>>>

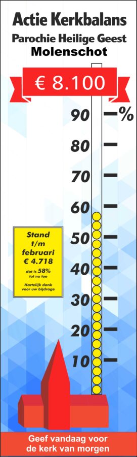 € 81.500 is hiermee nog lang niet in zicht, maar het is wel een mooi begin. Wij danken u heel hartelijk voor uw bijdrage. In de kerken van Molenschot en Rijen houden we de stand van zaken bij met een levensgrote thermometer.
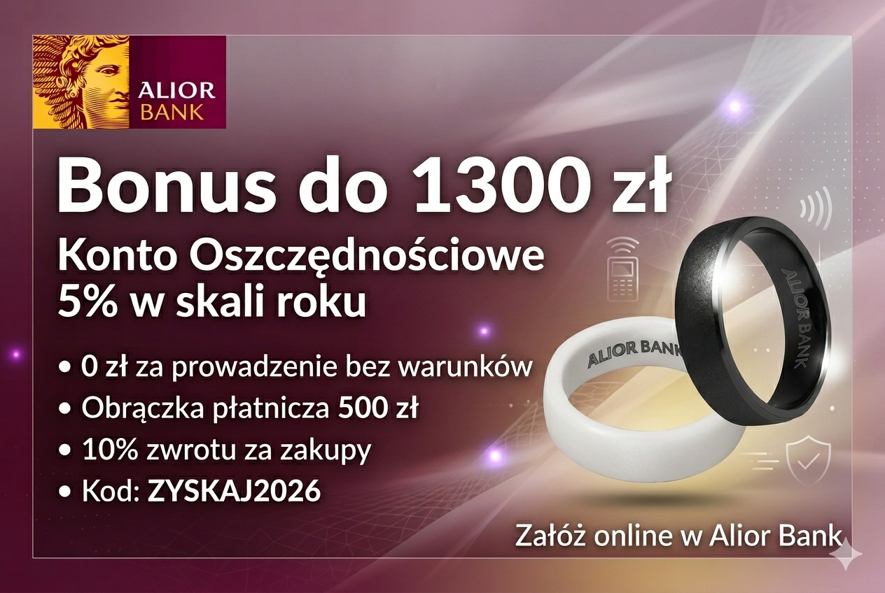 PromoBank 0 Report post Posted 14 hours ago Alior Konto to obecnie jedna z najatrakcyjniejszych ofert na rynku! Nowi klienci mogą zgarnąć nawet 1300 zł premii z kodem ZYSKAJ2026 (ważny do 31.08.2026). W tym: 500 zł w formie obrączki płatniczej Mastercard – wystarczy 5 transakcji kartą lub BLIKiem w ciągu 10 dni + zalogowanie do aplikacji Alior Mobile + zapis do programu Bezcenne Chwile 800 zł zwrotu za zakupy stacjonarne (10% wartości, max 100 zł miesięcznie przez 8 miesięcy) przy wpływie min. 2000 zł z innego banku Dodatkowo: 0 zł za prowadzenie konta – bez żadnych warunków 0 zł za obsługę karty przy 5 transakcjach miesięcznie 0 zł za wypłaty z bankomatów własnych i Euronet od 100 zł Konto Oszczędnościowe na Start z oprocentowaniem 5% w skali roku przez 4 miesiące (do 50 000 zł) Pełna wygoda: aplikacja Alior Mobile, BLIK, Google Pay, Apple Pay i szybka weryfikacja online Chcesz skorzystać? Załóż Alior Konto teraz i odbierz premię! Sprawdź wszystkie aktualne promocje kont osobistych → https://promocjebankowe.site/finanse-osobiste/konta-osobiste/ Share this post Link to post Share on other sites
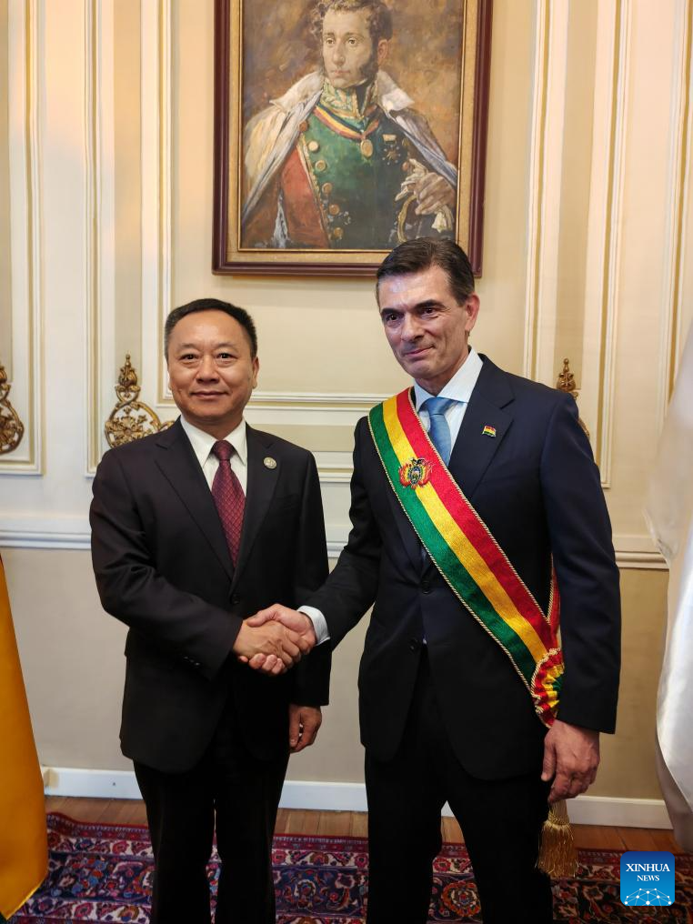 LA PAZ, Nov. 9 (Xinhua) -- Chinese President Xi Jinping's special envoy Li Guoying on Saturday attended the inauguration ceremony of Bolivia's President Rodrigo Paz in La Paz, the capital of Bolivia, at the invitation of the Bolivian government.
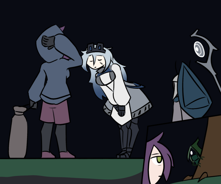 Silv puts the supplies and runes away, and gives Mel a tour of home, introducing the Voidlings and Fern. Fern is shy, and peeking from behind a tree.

<<<

When an image appears in the data, skip it and output the rest exactly.

* **Solution**:
 € 81.500 is hiermee nog lang niet in zicht, maar het is wel een mooi begin. Wij danken u heel hartelijk voor uw bijdrage. In de kerken van Molenschot en Rijen houden we de stand van zaken bij met een levensgrote thermometer.
 PromoBank 0 Report post Posted 14 hours ago Alior Konto to obecnie jedna z najatrakcyjniejszych ofert na rynku! Nowi klienci mogą zgarnąć nawet 1300 zł premii z kodem ZYSKAJ2026 (ważny do 31.08.2026). W tym: 500 zł w formie obrączki płatniczej Mastercard – wystarczy 5 transakcji kartą lub BLIKiem w ciągu 10 dni + zalogowanie do aplikacji Alior Mobile + zapis do programu Bezcenne Chwile 800 zł zwrotu za zakupy stacjonarne (10% wartości, max 100 zł miesięcznie przez 8 miesięcy) przy wpływie min. 2000 zł z innego banku Dodatkowo: 0 zł za prowadzenie konta – bez żadnych warunków 0 zł za obsługę karty przy 5 transakcjach miesięcznie 0 zł za wypłaty z bankomatów własnych i Euronet od 100 zł Konto Oszczędnościowe na Start z oprocentowaniem 5% w skali roku przez 4 miesiące (do 50 000 zł) Pełna wygoda: aplikacja Alior Mobile, BLIK, Google Pay, Apple Pay i szybka weryfikacja online Chcesz skorzystać? Załóż Alior Konto teraz i odbierz premię! Sprawdź wszystkie aktualne promocje kont osobistych → https://promocjebankowe.site/finanse-osobiste/konta-osobiste/ Share this post Link to post Share on other sites
 LA PAZ, Nov. 9 (Xinhua) -- Chinese President Xi Jinping's special envoy Li Guoying on Saturday attended the inauguration ceremony of Bolivia's President Rodrigo Paz in La Paz, the capital of Bolivia, at the invitation of the Bolivian government.
 Silv puts the supplies and runes away, and gives Mel a tour of home, introducing the Voidlings and Fern. Fern is shy, and peeking from behind a tree.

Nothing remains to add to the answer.